Очередная коллегия была назначена на понедельник. Шевкунов представлял, как скажет ему в сердцах кто-нибудь из первых замов: ну и дерьмо же вы нам подложили, товарищ Шевкунов! Разгребайте! Отмывайте!
Сначала вроде воняло не сильно. Но теперь амбре расползлось по этажу – кто ж так смрадно гадит? Пахло говном, а потом потянуло гнилью, душком разложения – откуда? Крысы передохли, что ли? И, главное, сантехники никак не могли найти, откуда заливает. Говённая загадка! И ведь будут посмеиваться, черти, особенно эти заносчивые гондоны из Первого главного:
“У нас где-то утечка”.
Да будь оно все проклято! Погань! Сука!
Он осекся. Прикусил язык. Да, в редкие моменты ярости он называл Лубянку сукой. Старой блядью. И знал, что она слышит и помнит.
Сука. Дрянь. Прихорашивающаяся старуха, схоронившая многих мужей, наркомов и председателей. Живучая мразь, паучиха! Ох, прорвало, тебя тоже прорвало, Шевкунов, потекло изнутри…
Он опамятовался. Огляделся. Чего-то не хватает. Что-то пропало в кабинете.
Он спешно оглядел привычную обстановку. Шкафы, сейф, стол, лампу, стулья. Все вроде на месте. Почудится же! Шевкунов подошел к окну, окинул взглядом площадь. Машин нет. Прохожих нет. Куда-то все делись. Гроза, что ли, собирается?
И статуи тоже нет.
Он проморгался. Не помогло.
Железного Феликса, рыцаря революции, первого хозяина Лубянки, не было на постаменте.
Шевкунов отскочил от окна. Чур-чура! Совсем заработался, зарапортовался; двинулся умом от предстоящего разговора с Мариной.
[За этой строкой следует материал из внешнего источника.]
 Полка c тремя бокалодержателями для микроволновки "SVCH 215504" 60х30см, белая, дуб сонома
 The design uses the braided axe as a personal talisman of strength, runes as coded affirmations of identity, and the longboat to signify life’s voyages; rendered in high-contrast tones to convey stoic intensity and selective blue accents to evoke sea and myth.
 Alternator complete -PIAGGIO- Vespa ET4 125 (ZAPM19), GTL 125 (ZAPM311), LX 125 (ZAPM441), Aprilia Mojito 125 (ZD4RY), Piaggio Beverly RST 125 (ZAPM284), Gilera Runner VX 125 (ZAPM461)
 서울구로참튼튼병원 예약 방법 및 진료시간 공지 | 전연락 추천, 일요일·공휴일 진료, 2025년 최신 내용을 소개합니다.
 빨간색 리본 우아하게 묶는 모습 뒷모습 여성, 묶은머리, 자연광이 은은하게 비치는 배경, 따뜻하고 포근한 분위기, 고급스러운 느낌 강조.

Полковник осторожно выглянул в окно, надеясь, что статуя появится.
Но ее не было.
Бог Лубянки, ее предстоятель, пропал.
Увезли?
Украли?
Плановый ремонт? Забыли предупредить?
Шевкунов очень, очень захотел домой.
Я сейчас уйду, сказал он себе. Выход-то на Фуркасовский переулок, площади оттуда не видно. Пройдусь пешком до “Кировской”. Метро еще открыто. И вернусь завтра. Спать. Спать. Вернусь, и Феликс будет на постаменте. Обязательно будет. И протечку починим.
Он хотел плюнуть на печать и опломбировать сейф. Но во рту пересохло. Ни капли слюны. Шевкунов хлебнул из графина – и его стошнило на пол.
Вода была как из гадкой лужи. Тот же запах, что у протечки. Запах разложения.
На столе зазвонил телефон. Заморгала красная лампочка.
Меня тут нет. Я ушел. Меня тут нет.
Это охрана звонит.
Лампочка мигает на линии охраны.
Шевкунов взял трубку.
– Алло, – сказал он не по-уставному, стараясь, чтобы голос звучал спокойно.
– Товарищ полковник? – спросили там, не узнавая.
– Что там у вас? – Шевкунов сглотнул. Проклятый голос. Пропадает, будто он простудился.
– Сработка сигнализации, товарищ полковник. В кабинете товарища Председателя. Докладывает капитан Викентьев.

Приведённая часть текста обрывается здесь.